▶ **TASK DETAILS**: The pictures stay out. Please retype every line below exactly.

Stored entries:
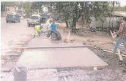
Foto 4. Construcción de acera peatonal y acceso
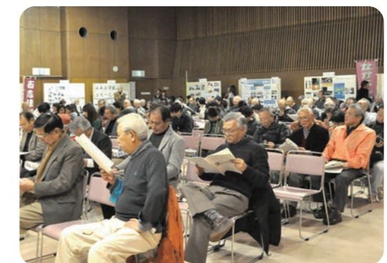
各団体の発表を熱心に聞く皆さん
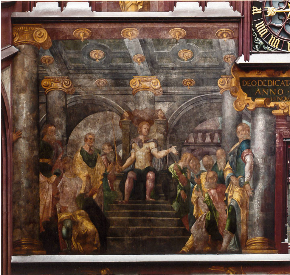
Abb. 8 Das «Urteil des Kambyses» an der Hofwand des vorderen Ratsstubenaus. Foto 2013.
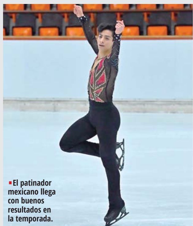
El patinador mexicano llega con buenos resultados en la temporada.
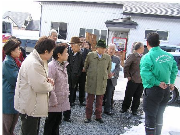
岩手エッグデリカ工場視察
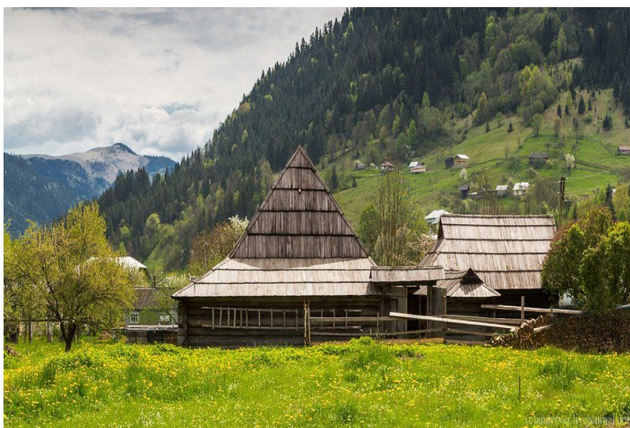
Музей Михайла Грушевського
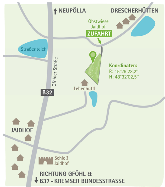
Zufahrt zur Obstsortenerhaltungswiese Jaidhof
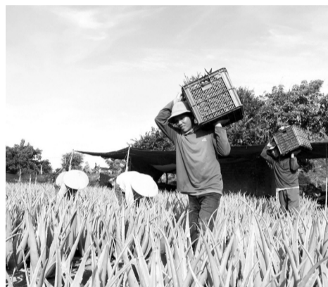
● GC Food đã xây dựng một chuỗi cung ứng khép kín với các HTX, bà con nông dân ở Ninh Thuận.

thế giới, doanh nhân này còn khát vọng tạo nên một “chuỗi thực phẩm hạnh phúc”, nơi mà sản phẩm không chỉ đơn thuần đáp ứng nhu cầu dinh dưỡng, mà còn là cầu nối giữa người tiêu dùng và nguồn nguyên liệu tự nhiên. “Chúng tôi muốn mọi người cảm nhận được giá trị từ sự bền vững, sự trân trọng mà chúng tôi dành cho môi trường và cộng đồng” ông Thứ nói.
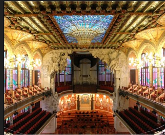
DOMÈNECH I MONTANER
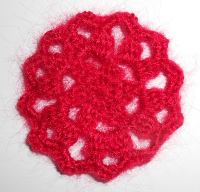
Ce granny a été réalisé en Angel de Bergère de France fil double au crochet n°2,5, le granny obtenu fait 6 cm de diamètre.

▶ **RESPONSE TO THIS EXERCISE**:
Foto 4. Construcción de acera peatonal y acceso
各団体の発表を熱心に聞く皆さん
Abb. 8 Das «Urteil des Kambyses» an der Hofwand des vorderen Ratsstubenaus. Foto 2013.
El patinador mexicano llega con buenos resultados en la temporada.
岩手エッグデリカ工場視察
Музей Михайла Грушевського
Zufahrt zur Obstsortenerhaltungswiese Jaidhof
● GC Food đã xây dựng một chuỗi cung ứng khép kín với các HTX, bà con nông dân ở Ninh Thuận.

thế giới, doanh nhân này còn khát vọng tạo nên một “chuỗi thực phẩm hạnh phúc”, nơi mà sản phẩm không chỉ đơn thuần đáp ứng nhu cầu dinh dưỡng, mà còn là cầu nối giữa người tiêu dùng và nguồn nguyên liệu tự nhiên. “Chúng tôi muốn mọi người cảm nhận được giá trị từ sự bền vững, sự trân trọng mà chúng tôi dành cho môi trường và cộng đồng” ông Thứ nói.
DOMÈNECH I MONTANER
Ce granny a été réalisé en Angel de Bergère de France fil double au crochet n°2,5, le granny obtenu fait 6 cm de diamètre.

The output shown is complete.